To code this map, I don't specify the numlevels= and leveltype= options, and I use a gradlegend statement (instead of keylegend) to get the gradient legend.
proc sgmap mapdata=my_map maprespdata=my_data plotdata=state_outlines;
choromap pctui / mapid=id id=id /* numlevels= leveltype= */
colormodel=(cxf9ece1 cxfbc088 cxfc9036 cxe1540b cxa43800)
lineattrs=(thickness=1 color=gray88) tip=none name='map';
series x=x y=y / lineattrs=(color=gray55);
gradlegend 'map' / position=right;
run;
Summary / Discussion
With this particular data, quantile binning puts more counties in the darkest (worst) color bin, whereas interval binning assigns fewer counties to the darkest (worst) color bin. Either choice could bias how the user perceives the data.

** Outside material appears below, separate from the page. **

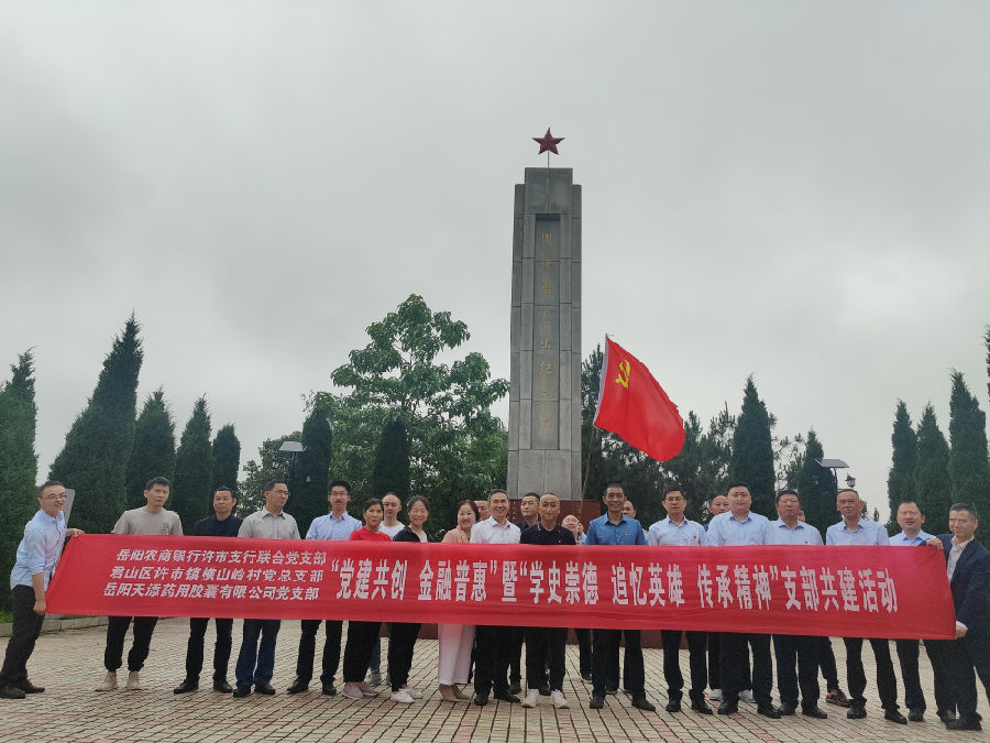 为弘扬爱国主义精神,深入开展党史学习教育,5月27日,许市支行联合党支部联合许市镇横山岭村党总支部、岳阳天添药用胶囊有限公司党支部顺利开展了“党建共创、金融普惠”暨“学史崇德、追忆英雄、传承精神”支部共建活动,三家支部共计20余名党员、入党积极分子踊跃参与。

Which technique is a more true/correct representation of this data? Personally, I think interval binning 'fits' this data better ... but what do you think? (feel free to discuss in the comments)
Rather than assigning the colors arbitrarily based on the spread of the data values, it might be even better if there were certain goals, and we assigned the colors based on whether or not the counties had met the goal(s). For example, all counties with fewer than xx% uninsured could be colored 'green'. (But I don't know if any specific goals like that exist for this particular data.)
What are your thoughts/suggestions on how to best represent this data on a map? Would you use a different binning technique? Different colors/shades? Something other than a choropleth map? Feel free to discuss in the comments section!
3 Comments
Age adjustment of the data could be helpful as there may be differences in insurance coverage by age - ex Medicare.
I guess it is somewhat age adjusted(?) ... in that it is for "under age 65" (which is generally the age Medicare coverage starts).
This is a common ploy by propagandists and anyone attempting to push agendas. It has been done for years and years even back before visual tools. It's okay if you also publish the "adjustment" but if you don't then the information is paramount to propaganda.